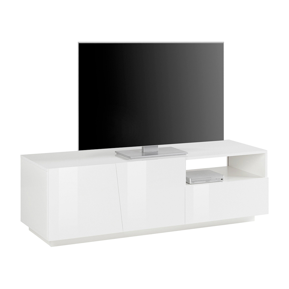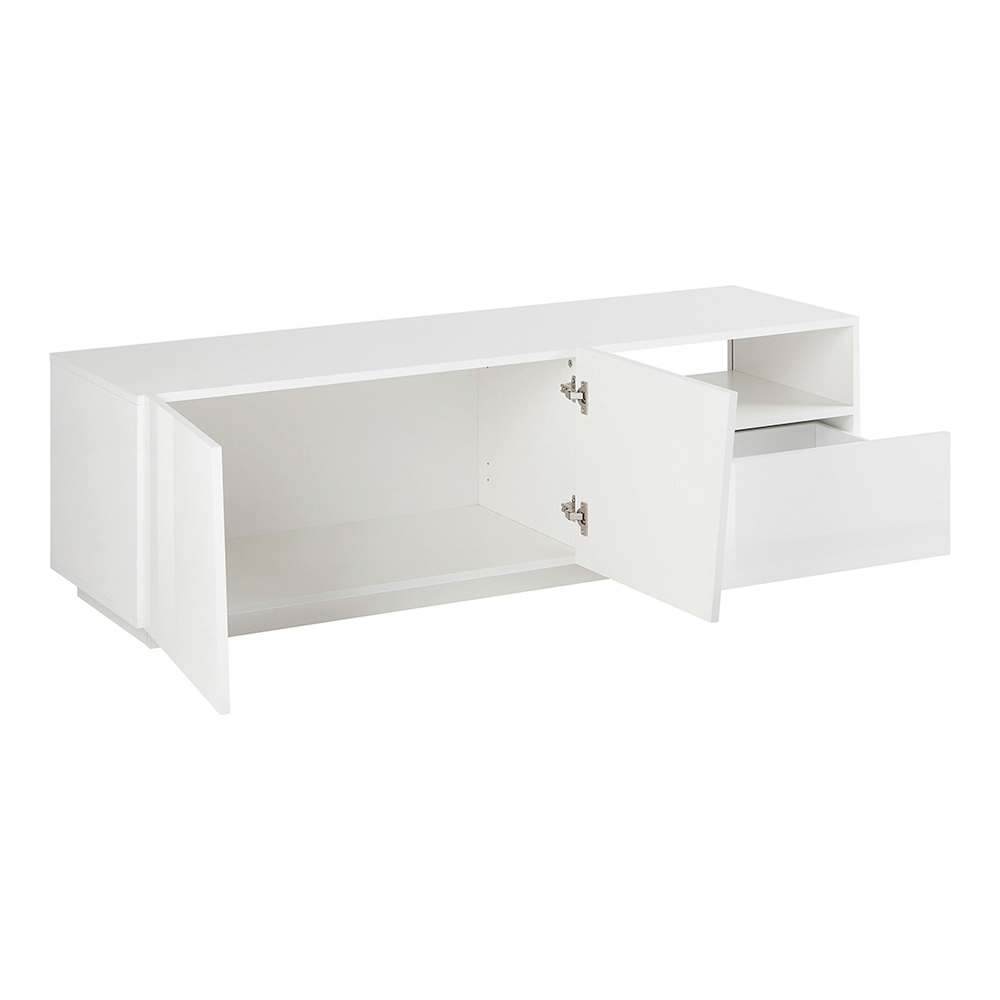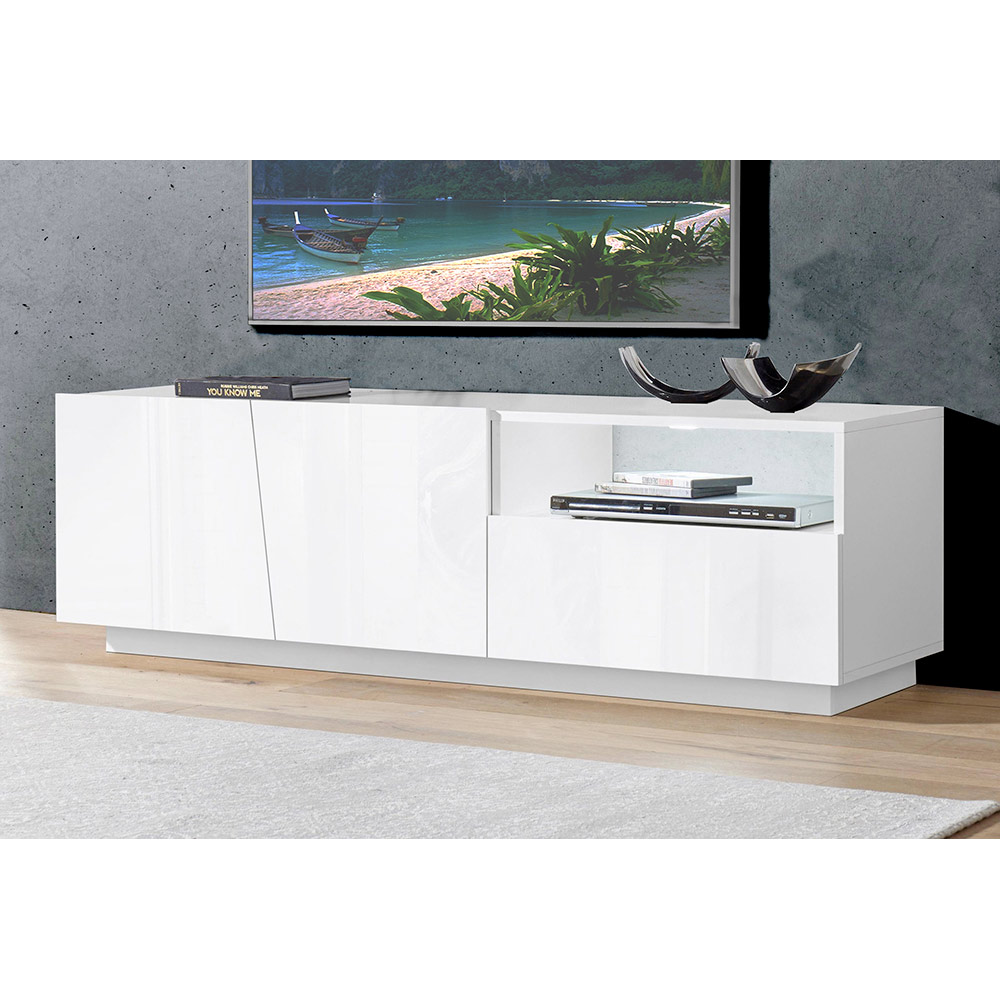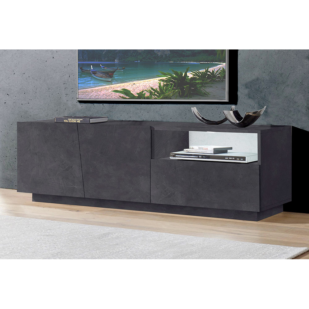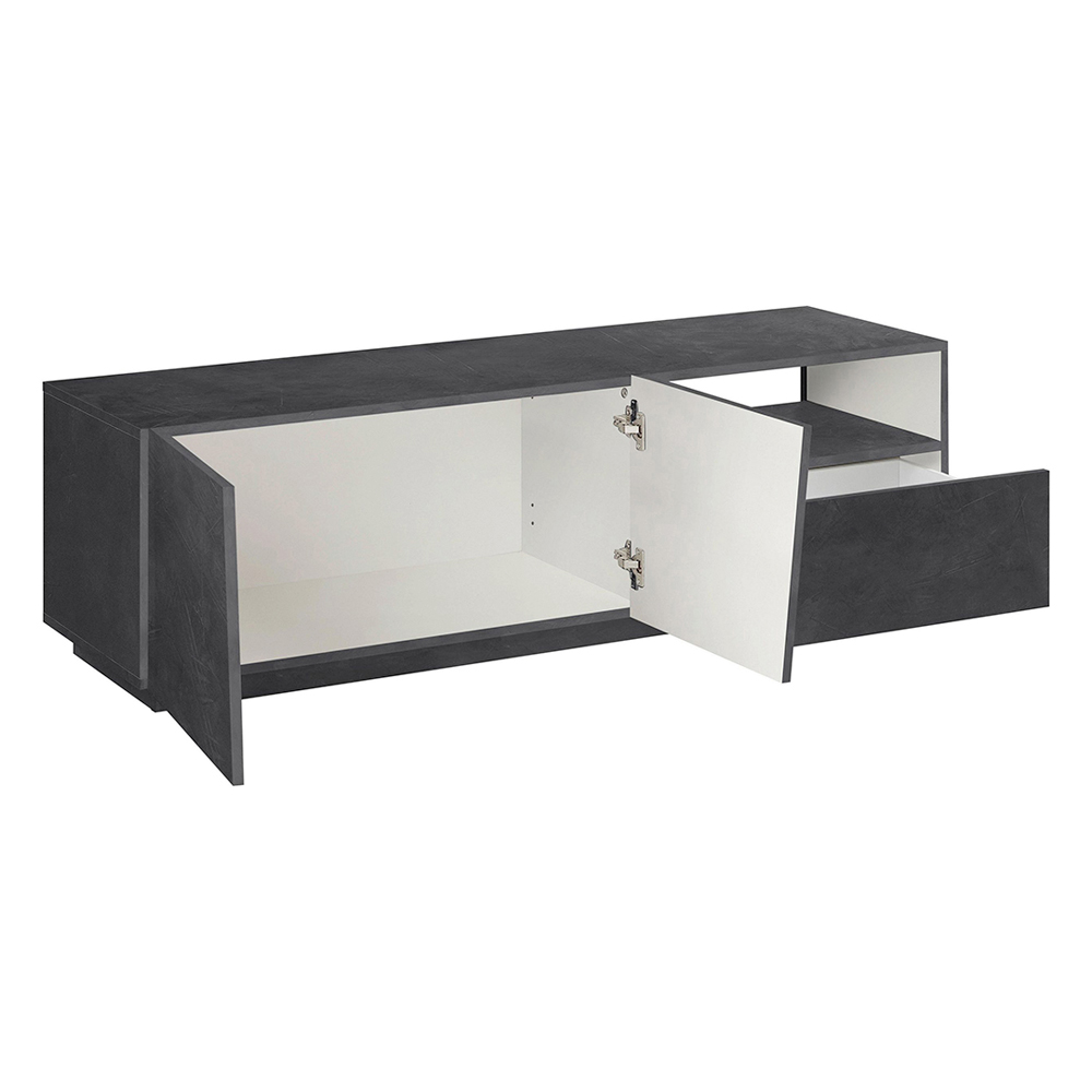 The TV stand is made up of 2 hinged doors, a drawer and an open compartment which guarantee plenty of storage space. It is made of melamine and is 100% Made in Italy . This product lends itself to completing the decor of any living area thanks to its simple and elegant finishes that give the room a unique and unforgettable touch. The material used guarantees quality and resistance even over time.
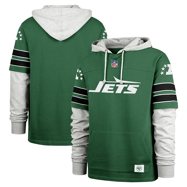 Sweat à capuche pour homme « 47 Kelly Green » des New York Jets, motif double tête Blitz, cornerback
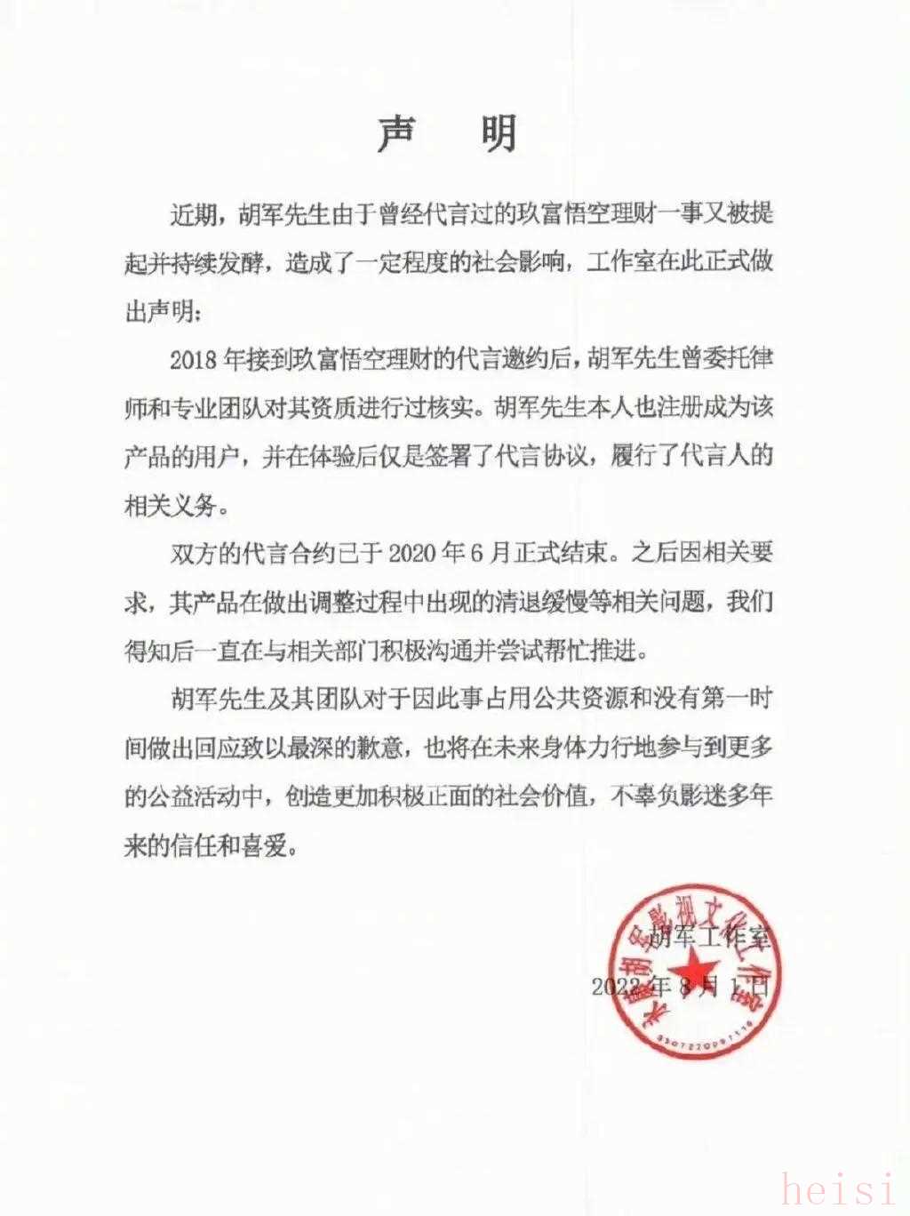 2018年接到玖富旗下理財?shù)拇匝s后,胡軍曾委托律師和專業(yè)團隊對其資質(zhì)進行核實,胡軍本人也成為該產(chǎn)品的用戶,在體驗后僅簽署了代言協(xié)議。雙方的協(xié)議已經(jīng)于2020年6月正式結(jié)束,之后因相關(guān)要求,其產(chǎn)品在做出調(diào)整過程中出現(xiàn)的清退緩慢等問題,在得知后一直在與相關(guān)部門進行積極溝通并嘗試幫忙推進。

# # # # # # #

Extract, word for word, each line from the one that contains "Sweat à capuche" through the final line of the data above. Leave the pictures out.

### Response
 Sweat à capuche pour homme « 47 Kelly Green » des New York Jets, motif double tête Blitz, cornerback
 2018年接到玖富旗下理財?shù)拇匝s后,胡軍曾委托律師和專業(yè)團隊對其資質(zhì)進行核實,胡軍本人也成為該產(chǎn)品的用戶,在體驗后僅簽署了代言協(xié)議。雙方的協(xié)議已經(jīng)于2020年6月正式結(jié)束,之后因相關(guān)要求,其產(chǎn)品在做出調(diào)整過程中出現(xiàn)的清退緩慢等問題,在得知后一直在與相關(guān)部門進行積極溝通并嘗試幫忙推進。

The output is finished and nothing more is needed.